─── Provided data

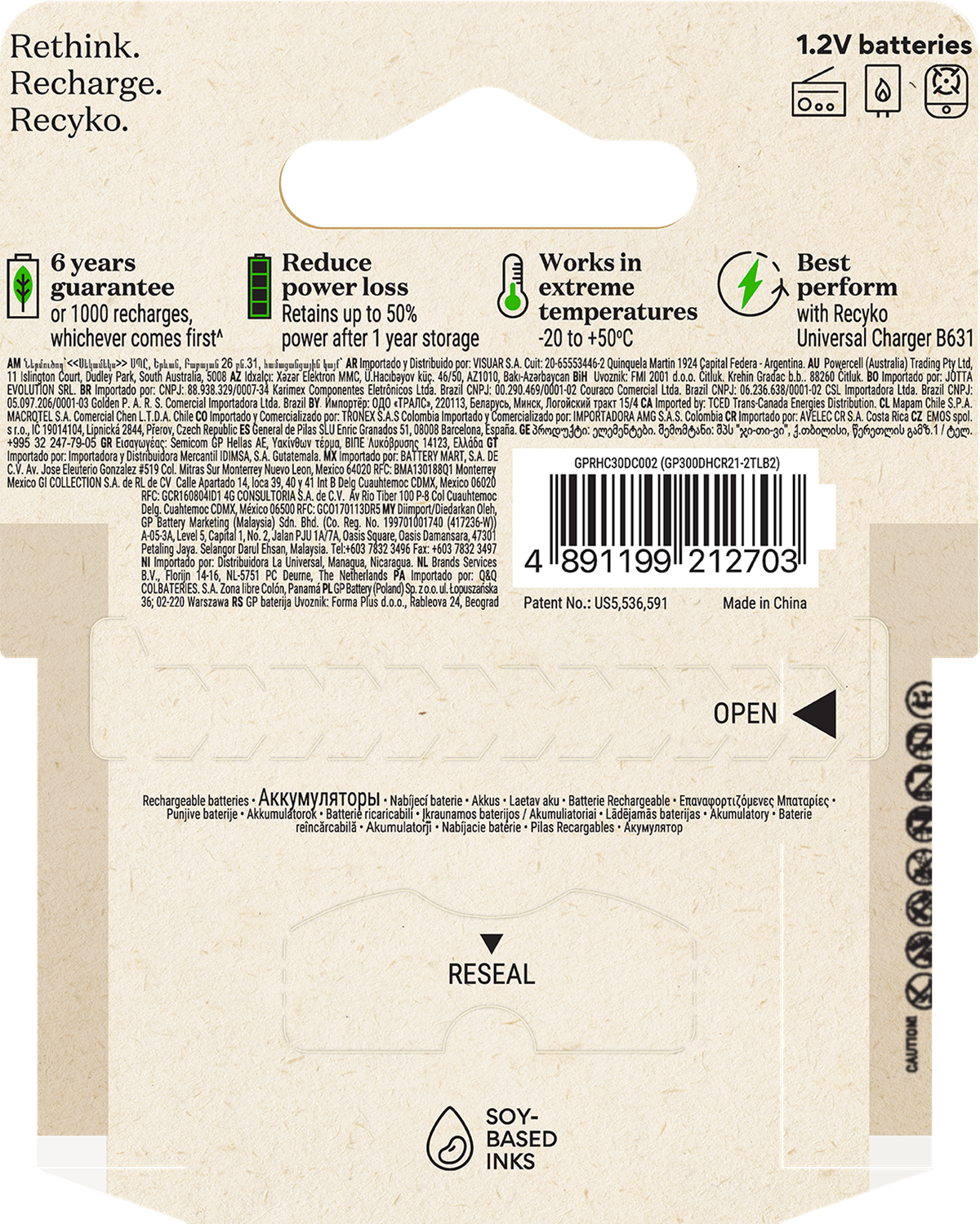 Recyko D 3000mAh batteri är ett kraftfullt laddningsbart NiMH batteri som är utvecklat för ditt vardagliga användande. De är laddade vid köp och redo att användas direkt ur förpackningen. Till skillnad från engångsbatterier så kan Recyko användas vid låga temperaturer, ända ned till - 20°C. Över 90% av batteriet, inklusive förpackning är återvinningsbart.
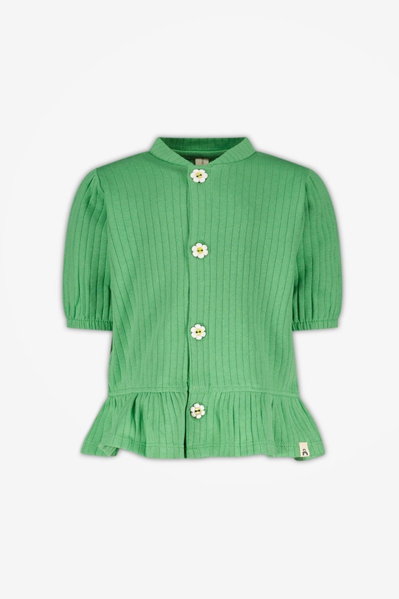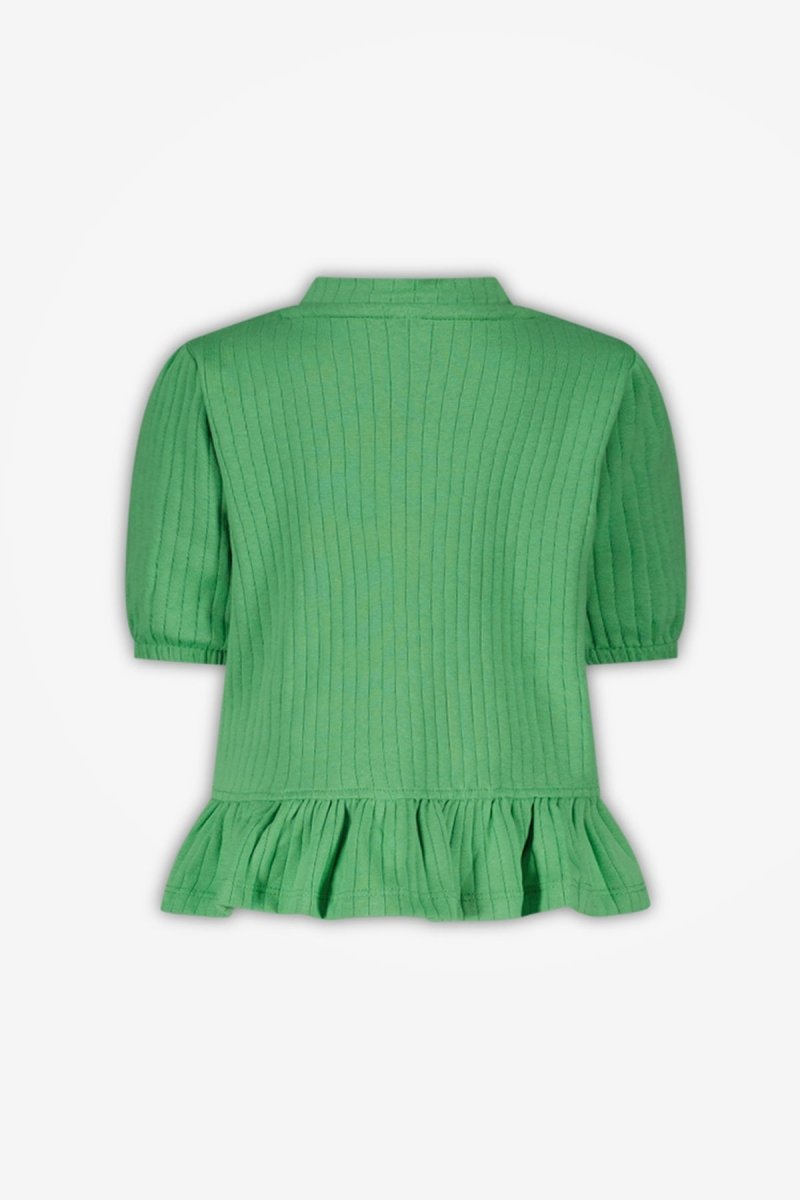 Deze schattige blouse is gemaakt van een zachte ribstof in een mooie groene kleur. Het heeft lange pofmouwtjes en een uitlopende onderkant die zorgt voor een speels effect. De hartvormige knoopsluiting aan de voorkant geeft het een extra lieve uitstraling! Duurzaam gemaakt. Dit chapter is in samenwerking met @kikirigters.
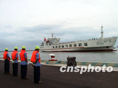 十四日中午一時(shí),一聲汽笛長鳴,“粵海鐵二號”火車輪渡駛進(jìn)了粵海鐵南港港池,十五分鐘后大副將一號纜拋向南港碼頭——“粵海鐵二號”與他的兄長“粵海鐵一號”在粵海鐵南港碼頭首尾相望勝利會師。
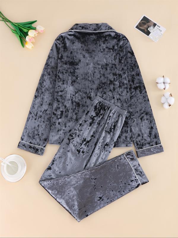 Women's Elegant Winter Pajama Set, Fitted Long Sleeve Button-Up Top & Warm Pants, Comfortable Loungewear for Cold Weather
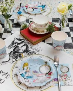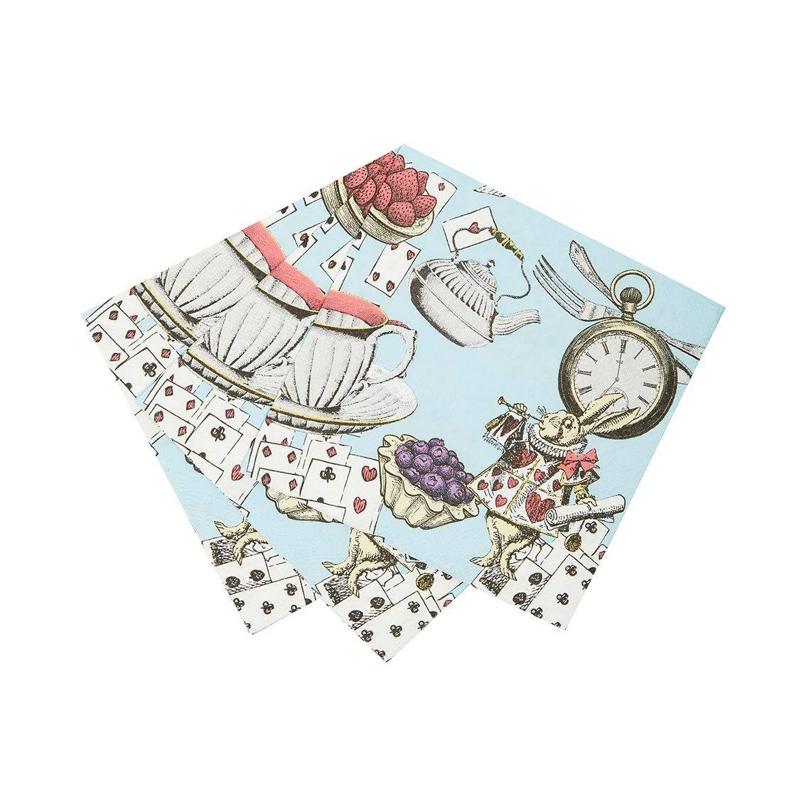 Set the table for a mad hatter tea party with these Alice in Wonderland Beverage Napkins. Each of these small paper napkins features the original book illustration of the rabbit, his watch, a teapot, and a scatter of cards on a light blue background. Set a stack of these small cocktail napkins on the drink table so guests can grab with their favorite beverage or clean up small spills. Pair these elegant napkins with the coordinating plates and cups for your child’s Alice in Wonderland birthday party.

──────

What you should do:
From the line containing "Deze schattige blouse" through the last line of the entries, copy each line exactly and only those, skipping all pictures.

The answer:
 Deze schattige blouse is gemaakt van een zachte ribstof in een mooie groene kleur. Het heeft lange pofmouwtjes en een uitlopende onderkant die zorgt voor een speels effect. De hartvormige knoopsluiting aan de voorkant geeft het een extra lieve uitstraling! Duurzaam gemaakt. Dit chapter is in samenwerking met @kikirigters.
 十四日中午一時(shí),一聲汽笛長鳴,“粵海鐵二號”火車輪渡駛進(jìn)了粵海鐵南港港池,十五分鐘后大副將一號纜拋向南港碼頭——“粵海鐵二號”與他的兄長“粵海鐵一號”在粵海鐵南港碼頭首尾相望勝利會師。
 Women's Elegant Winter Pajama Set, Fitted Long Sleeve Button-Up Top & Warm Pants, Comfortable Loungewear for Cold Weather
 Set the table for a mad hatter tea party with these Alice in Wonderland Beverage Napkins. Each of these small paper napkins features the original book illustration of the rabbit, his watch, a teapot, and a scatter of cards on a light blue background. Set a stack of these small cocktail napkins on the drink table so guests can grab with their favorite beverage or clean up small spills. Pair these elegant napkins with the coordinating plates and cups for your child’s Alice in Wonderland birthday party.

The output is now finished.